# Troublesome Arc Length Problem

1. May 4, 2014

### defecritus

1.) The problem is:

Find the arc length of f(x)= x^3/3-1/(4x) from x=1 to 2

2.) Relevant formulas:

ds = √(1+(dy/dx))

abs(L) = ∫ds

3.) My work so far:

f'(x)= x^2+1/(4x^2)

abs(L) = ∫(from 1 to 2) √(1+(x^2+1/(4x^2))^2 dx
= ∫(from 1 to 2) √(1+(x^4+1/2+1/(16x^4)) dx
= ∫(from 1 to 2) √(x^4+3/2+1/(16x^4)) dx
= ∫(from 1 to 2) √((16x^8+24x^4+1)/(16x^4) dx
= 1/4∫(from 1 to 2) √((16x^8+24x^4+1)/(x^4) dx
= 1/4∫(from 1 to 2) √(16x^8+24x^4+1)/(x^2) dx

Generally, I would suspect the numerator would be able to be factored and that would make this integral much easier to solve. I'm stumped after this part, because it seems that the numerator is irreducible.

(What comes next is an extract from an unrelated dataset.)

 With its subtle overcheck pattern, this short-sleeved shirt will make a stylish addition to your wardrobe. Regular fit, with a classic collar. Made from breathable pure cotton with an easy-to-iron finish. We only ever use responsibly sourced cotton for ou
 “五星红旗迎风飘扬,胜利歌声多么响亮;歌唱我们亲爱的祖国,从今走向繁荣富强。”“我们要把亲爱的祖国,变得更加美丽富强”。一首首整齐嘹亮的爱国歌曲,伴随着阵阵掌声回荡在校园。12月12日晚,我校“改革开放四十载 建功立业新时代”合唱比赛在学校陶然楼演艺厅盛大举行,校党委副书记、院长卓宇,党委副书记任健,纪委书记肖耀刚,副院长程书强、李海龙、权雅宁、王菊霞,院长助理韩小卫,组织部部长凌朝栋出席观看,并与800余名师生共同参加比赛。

I'm up for any help, I'm not asking for the answer. I really just need guidance from this point...that includes the possibility that the professor may have made a typo. I really wanted to consider that I may just not be aware of the next step before accusing the professor of fat fingering this. Thanks for the help.

2. May 4, 2014

### Staff: Mentor

Are you sure this is the right function? Things would work out if the above was a sum, not a difference.
Your formula is neither relevant nor correct. Fortunately you used the right formula in your work.

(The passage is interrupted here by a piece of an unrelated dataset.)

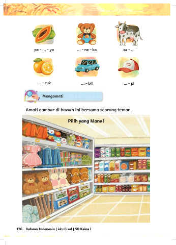 pe - ... - ya ... - ne - ka sa - ... ... - ruk ... - bil ... - pi Amati gambar di bawah ini bersama seorang teman. Pilih yang Mana? 176 Bahasa Indonesia | Aku Bisa! | SD Kelas I

$ds = \sqrt{1 + (dy/dx)^2}dx$
I would contact the instructor to confirm that the function you wrote is what he intended. Because of the radical in the integral, arc length problems are generally to difficult to integrate using the techniques that are taught in beginning calculus courses. The functions have to be "cooked up" so that 1 + (f'(x))2 is a perfect square, so that its square root can be simplified.